Microfluidic-engineering Prussian blue hydrogel microspheres for enhanced osteoarthritis antioxidant therapy

Osteoarthritis (OA), a degenerative joint disorder and leading cause of global disabilty, imposes substantial societal and familial burdens. Current antioxidant therapies for OA are hindered by poor targeting and transient efficacy, failing to address the excessive reactive oxygen species (ROS)-driven pathogenesis.

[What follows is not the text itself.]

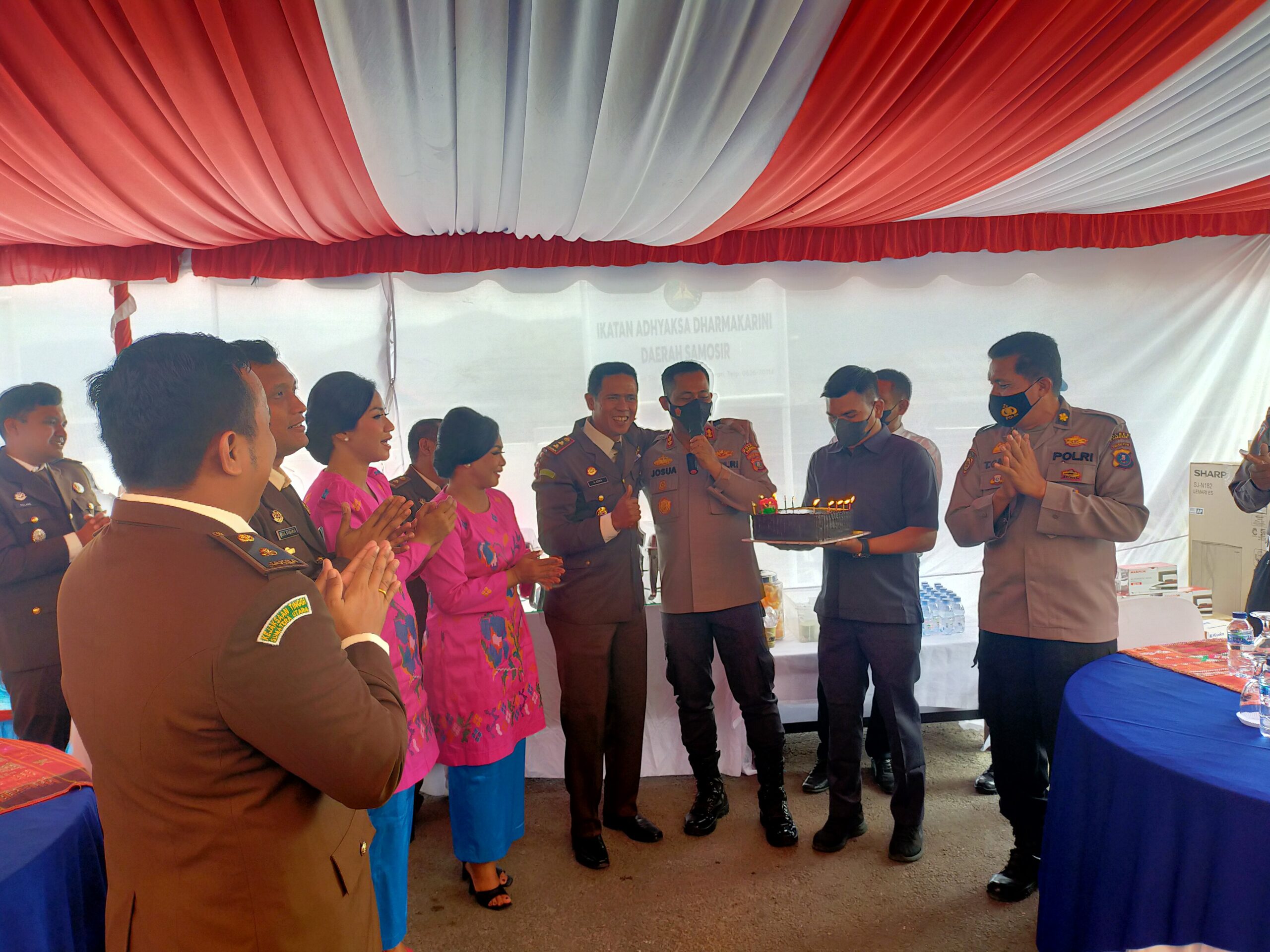 Sekira pukul 11:50 Wib, Kapolres Samosir AKBP Josua Tampubolon bersama jajaranya membuat kejutan. Josua Tampubolon berjalan dari gerbang pintu masuk Kejari Samosir dengan membawa kue ulang tahun yang disusun lilin yang sudah menyala, dan langsung disambut Kajari Samosir.

Herein, we innovatively integrate Prussian blue (PB) nanozymes with alginate-hyaluronic acid (HA) hydrogel microspheres through microfluidic engineering, creating the injectable AlgHA@PB platform that synergizes dual therapeutic mechanisms: ROS scavenging and oxygen generation via PB nanozymes, and sustained intra-articular retention and mechanical compatibility enabled by the hydrogel microsphere architecture. In vitro studies demonstrated that AlgHA@PB scavenged all of intracellular ROS while continuously releasing oxygen within. In a rat OA model, AlgHA@PB exhibited prolonged joint retention and reduced cartilage degeneration. Critically, the microspheres demonstrated a stable friction coefficient, enabling smooth intra-articular motion without mechanical irritation. This study establishes AlgHA@PB as a multifunctional OA therapeutic platform that integrates antioxidative defense, anti-inflammatory action, and biomechanical compatibility. The microfluidic-engineered design ensures scalable production, aligning with clinical translation requirements.